Snow and ice caused school to get out early. Out of respect and safety, I called DH to tell him I would be home early. "I want you to know I really love you," he said. I was in a crowded hallway of kids who had just found out school was dismissing, so I told him I couldn't talk.

When I got home, he reached out to hug me. I let him. But hugs and sorry don't fix me that easy. I am hurt. I took a bubble bath and a nap. Know I'm ready to face him and see what he has to say for himself today...

Comments

soverysad's picture

Let him apologize, but stand your ground. You will NOT be treated that way. EVER AGAIN.

"God is great, beer is good, and people are crazy" and you can't change crazy!!

belleboudeuse's picture

Exactly. Listen to him, but remind him that actions speak louder than words. It will take more than sorry to fix this.

BB

You are not second best, you are not second class.
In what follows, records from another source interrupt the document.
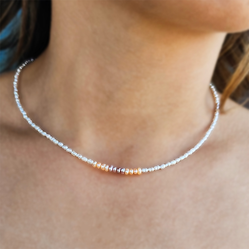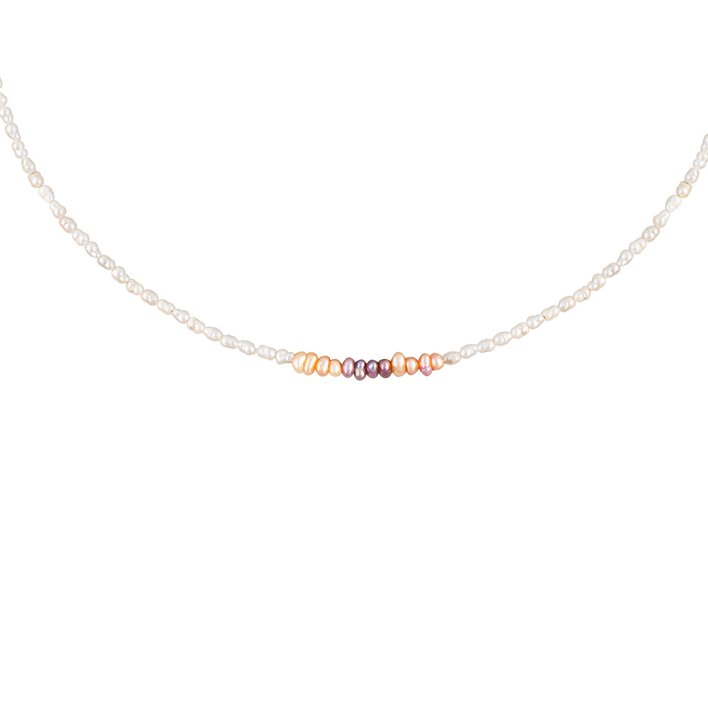 -24% Κολιέ με Κ14 χρυσό κούμπωμα, λευκά και πολύχρωμα μαργαριτάρια - F126437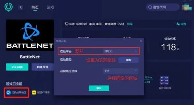 加速后点击左下角的“切换战网地区”,选择想要前往的区服后点击确定,这个时候你的战网客户端就切换成国际服了。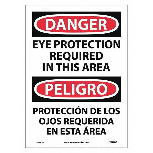 Danger Eye Protection Required Sign, Bili, 14 in Height, 10 in Width, Pressure Sensitive Vinyl (Discontinued)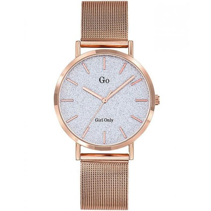 ساعت مچی زنانه جی او go با طراحی روزانه بند حصیر بافت مسی و قاب گرد مسی و صفحه گرد نقره ای با موتور ژاپنی و انرژی باتری و مقاومت در برابر آب تا عمق 30 متر به همراه دو سال گارانتی بین المللی

Do not ever let anyone make you feel that way. - 2BLoved

Rainbow.Bright's picture

I had to have a conversation with my DH early on about threatining someone and bringing an argument to the point of "divorce". From reading your prior posts it sounds like your DH is doing the same thing. 'I'm not getting my way, I'm mad, I'm going to hurt you with the only thing I can.'

I told him that I don't treaten, and I don't appreciate being threatened, and if our marriage is so worthless that he can lay it on the line to 'get his way', then we are done, because I can't trust a person that does that.
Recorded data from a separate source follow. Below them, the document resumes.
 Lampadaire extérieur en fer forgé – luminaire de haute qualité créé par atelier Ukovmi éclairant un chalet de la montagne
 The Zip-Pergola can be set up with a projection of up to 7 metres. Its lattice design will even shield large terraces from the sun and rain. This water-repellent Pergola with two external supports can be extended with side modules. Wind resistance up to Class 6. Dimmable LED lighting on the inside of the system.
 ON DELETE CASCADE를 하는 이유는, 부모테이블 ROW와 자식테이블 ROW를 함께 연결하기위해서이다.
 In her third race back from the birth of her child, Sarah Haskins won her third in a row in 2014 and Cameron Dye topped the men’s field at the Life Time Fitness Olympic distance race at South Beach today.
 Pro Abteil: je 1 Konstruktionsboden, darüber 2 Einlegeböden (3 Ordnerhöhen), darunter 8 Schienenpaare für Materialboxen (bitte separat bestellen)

He hasn't threatened me since. It may sound petty to get that worked up about things like this, but when someone threatens the sanctity of my marriage, it hurts me to the core. I don't know if you feel the same but just hoping that it works out for you, and that you maybe give him a heads up how this makes you feel.

Good luck!

belleboudeuse's picture

Good for you. And I don't think it's petty -- I COMPLETELY agree! What is PETTY is actually DOING that to someone you love just so you can hurt them during an argument.

BB

You are not second best, you are not second class. Do not ever let anyone make you feel that way. - 2BLoved

Snowflake's picture

I used to pull that crap with my first dh. I would threaten to leave him... threaten to leave him... and then one day my grandmother gave me something to think about. She told me to stop that nonsense, because one day he is going to tell me to get the hell out.

He is bullying you. He is making threats to get his way. Well, unfortunately that one will always come back to smack you in the ass. And the cold reality that you will just walk out that door, leaving him with his kid from his ex hit him.

Because if he does this crap to you, and his kid is walking all over you, you don't think she is going to do that with someone else.

Tell him flat out that you will go on. Its a big world out there, and you are an incredible person.